2010-02-10

NOTE’s Year-end Report 2009

Financial Performance January–December


• Sales reduced by 30% to SEK 1,200.1 (1,709.5) m
• Operating loss of SEK -90.8 (-3.8) m, including non-recurring costs of SEK 63.7 (48.7) m
• The operating margin amounted to -7.6% (-0.2%)
• Profit after financial items was SEK -97.9 (-14.4) m, including non-recurring costs of SEK 63.7 (48.7) m
• The loss after tax was SEK -81.0 (-13.1) m, or SEK -8.42 (-1.36) per share
• Cash flow after investments was SEK 23.9 (25.1) m, or SEK 2.48 (2.61) per share
• Dividends—the Board of Directors is proposing to the AGM that no dividends are paid for the financial year 2009

Financial Performance October–December
• Sales reduced by 30% to SEK 291.5 (414.5) m
• Operating loss of SEK -2.7 (-47.9) m, including non-recurring costs of SEK 0.0 (48.7) m
• Operating margin amounted to -0.9% (-11.6%)
• The loss after financial items was SEK -4.2 (-50.4) m, including non-recurring costs of SEK 0.0 (48.7) m
• The loss after tax was SEK -9.9 (-36.6) m
• Cash flow after investments was SEK 14.2 (-6.2) m

Significant events January–December
• Divestment of operations at Skellefteå—a decision to cease production of a significant product by NOTE’s largest customer in the Telecom segment resulted in the divestment of the operation at Skellefteå at year-end 2009
• Acquisition in China completed as planned—the acquisition of the IONOTE electronics plant, previously operated as a joint venture with an Asian partner, was completed at year-end 2009. The operations of IONOTE were developed in the year to satisfy customers’ increasing needs for direct sales to the Chinese market.
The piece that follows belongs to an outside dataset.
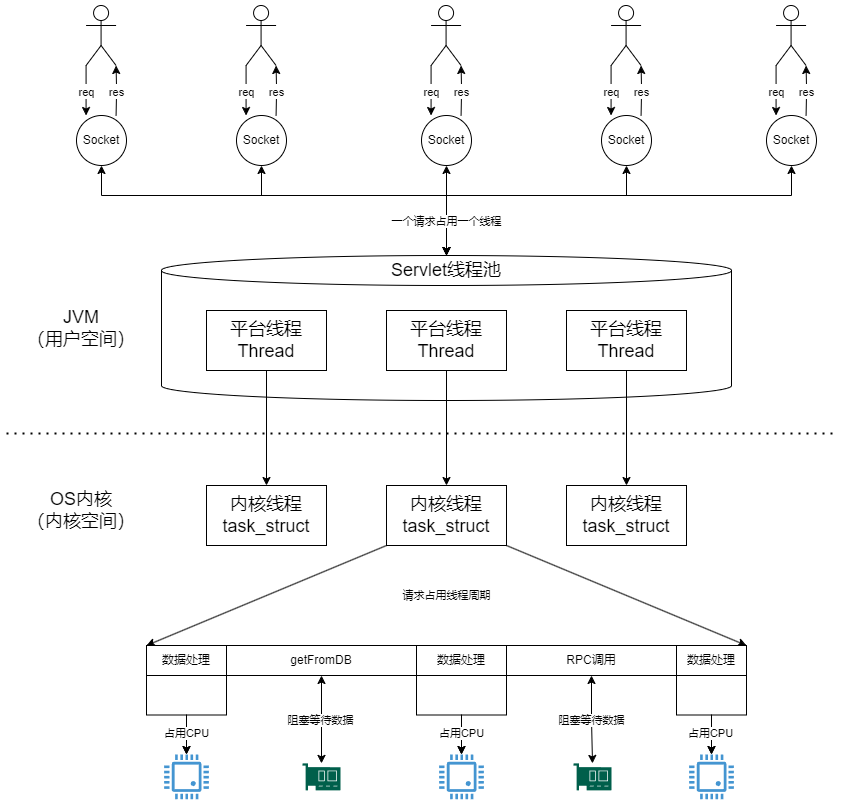 虚拟线程是由Java运行时而不是操作系统实现的Java线程,和传统线程(或称之为平台线程)之间的主要区别在于,我们可以很容易地在同一个Java进程中运行大量活动的虚拟线程,甚至数百万个。大量的虚拟线程赋予了它们强大的功能:通过允许服务器并发处理更多的请求,它们可以更有效地运行以thread-per-request(每个请求一个线程)的方式编写的服务器应用程序,从而实现更高的吞吐量和更少的硬件浪费。 一直听闻Java虚拟线程的“威名”很久了,于是最近做个人项目的时候便尝试使用JDK21进行开发,研究一下所谓的虚拟线程的原理与实现。技术水平有限,欢迎一起交流探讨~  背景 引入虚拟线程是为了减少编写、维护和观察**高吞吐量并发应用程序的工作量**。 对于应用提供的接口,其响应时间一定,那么此时其吞吐量与应用程序能够同时处理的请求数量(即并发数量)成正比。假设一个接口的响应耗时为50ms,而应用程序可以同时并发处理10个请求,那么每秒就有200(1s/50ms\*10)个请求的吞吐量。此时如果应用程序可以将并发处理请求的能力提升到100,那么每秒则能达到2000的吞吐量。**显然提高并发处理的线程数可以显著提高应用的吞吐量**,然而Java中平台线程是昂贵的资源,默认每个平台线程消耗1MB栈内存,即 JVM 中运行的平台线程数量有上限。此外操作系统对于支持的最大线程也是有限制的,并不能无限制的增加内核线程的数量。下图为系统支持的最大线程数:  在大多数JVM的实现中,Java线程是和操作系统线程是一对一映射的(如下图),如果我们使用thread-per-request的形式(常见的如Tomcat、Jetty都是这样的模型),即为每个请求创建一个线程进行处理,那么很快便会到达操作系统线程数上限。  **如果请求是IO密集型,那么大多线程都是处于阻塞等待IO返回的情况,会出现线程资源已经耗尽,而CPU利用率却很低。**因此,若一个平台线程专用于用户请求,对高并发用户的应用程序,就非常容易出现线程池打满,后续请求进入阻塞的情况。 一些希望充分利用硬件的开发人员放弃了thread-per-request的形式,转而采用响应式编程。即请求处理代码不是从头到尾都在一个线程上进行,而是在等待 I/O 操作完成时将其线程返回到池中,以便线程可以为其他请求提供服务。这种细粒度的线程共享**(在这种共享中,代码仅在线程执行计算时保留在线程上,而不是在等待 I/O 时保留线程)**允许大量并发操作,而不会长时间占用线程。 然而这种方式虽然消除了操作系统线程稀缺性对吞吐量的限制,但它显著提高程序的理解成本和调试成本。它采用一组单独的 I/O 方法,这些方法不等待 I/O 操作完成,而是稍后向回调发出完成信号。开发人员必须将其请求处理逻辑分解为小阶段,然后将它们组合到一个顺序管道中。在响应式编程中,请求的每个阶段都可能在不同的线程上执行,并且每个线程都以交错方式运行属于不同请求的阶段,这种方式非常的复杂,创建响应式通道、调试以及理解它们的执行流程都非常的困难,更别说遇到异常时的排查。  虚拟线程的引入解决了上述的问题。**Java 运行时以一种切断 Java 线程与操作系统线程的一对一对应关系的方式来实现 Java 线程,即虚拟线程。**正如操作系统通过将大型虚拟地址空间映射到有限数量的物理 RAM 来给人一种内存充足的错觉一样,**Java 运行时可以通过将大量虚拟线程映射到少量的操作系统线程来给人一种线程充足的错觉**。 平台线程 (java.lang.Thread) 是以传统方式实现的实例,作为操作系统线程的薄包装器,与系统线程一一映射,而**虚拟线程不绑定到特定操作系统线程的实例**。**“thread-per-request”样式的应用程序代码可以在请求的整个持续时间内在虚拟线程中运行,但虚拟线程仅在 CPU 上执行计算时使用操作系统线程**。虚拟线程具备与异步样式相同的可伸缩性,只是它的实现是透明的,不需要我们额外的理解和开发成本。**当在虚拟线程中运行的代码进行阻塞的 I/O 操作时,运行时将自动挂起虚拟线程,直到以后可以恢复为止。**对于 Java 开发人员来说,虚拟线程只是创建成本低廉且几乎无限丰富的线程。硬件利用率接近最佳状态,允许高并发性,从而实现高吞吐量,同时应用程序与 Java 平台及其工具的多线程设计保持和谐。   实现 #### **▐** **定义** **与平台线程一样,虚拟线程也****是 java.lang.Thread 的****一个实例,但是虚拟线程不绑定到特定的操作系统线程。**虚拟线程仍在操作系统线程上运行代码,区别是当虚拟线程上运行的代码调用阻塞 I/O 操作时,Java 运行时会将其挂起直到它可以恢复,与挂起的虚拟线程关联的操作系统线程此时可以自由地对其他虚拟线程执行操作。 虚拟线程的实现方式与虚拟内存类似。为了模拟大量内存,操作系统将一个大的虚拟地址空间映射到有限的 RAM。同样,为了模拟大量线程,Java 运行时将大量的虚拟线程映射到少量的操作系统线程。 **与平台线程不同,虚拟线程通常具有较浅的调用堆栈**,通常只执行一次 HTTP 客户端调用或一次 JDBC 查询。尽管虚拟线程支持线程局部变量(ThreadLocal)和可继承的线程局部变量(InheritedThreadLocal),我们应该仔细考虑使用它们,因为单个 JVM 可能支持数百万个虚拟线程。 **虚拟线程适用于运行那些大部分时间是被阻塞着的任务,即 IO 密集型操作,而不适用于长时间运行的 CPU 密集型操作。**因为虚拟

Significant events after the end of the year
• New CEO and President—Göran Jansson, Deputy Chairman of the Board, was appointed as acting CEO and President of NOTE on 24 January.
• Additional structural adaptations—as part of the continued structural transformation of NOTE, a review of the group’s units has recently been initiated. NOTE’s unique strengths and competence within the market segment high mix/low volume will be better utilised. The target is to ensure cost-saving and efficiency measures giving a positive profit impact of over SEK 50 m on an annual basis. As a part of the program, a further concentration of the production units in Sweden and foreign countries will be performed. The cost for the structural measures is estimated to SEK 45 m, and will be recognised in the result of the first quarter 2010.
• New issue 2010—the Board of Directors will be proposing that the AGM resolves on a share issue of just over SEK 70 m for existing shareholders. The detailed terms and conditions of the issue will be published later in February.

NOTE’s Year-end Report for January–December 2009 is now available in PDF format on the corporate web site, www.note.eu, and attached to this message.
The Annual Report for 2009 will be published on 12 April. The Interim Report for January–March will be published on 27 April.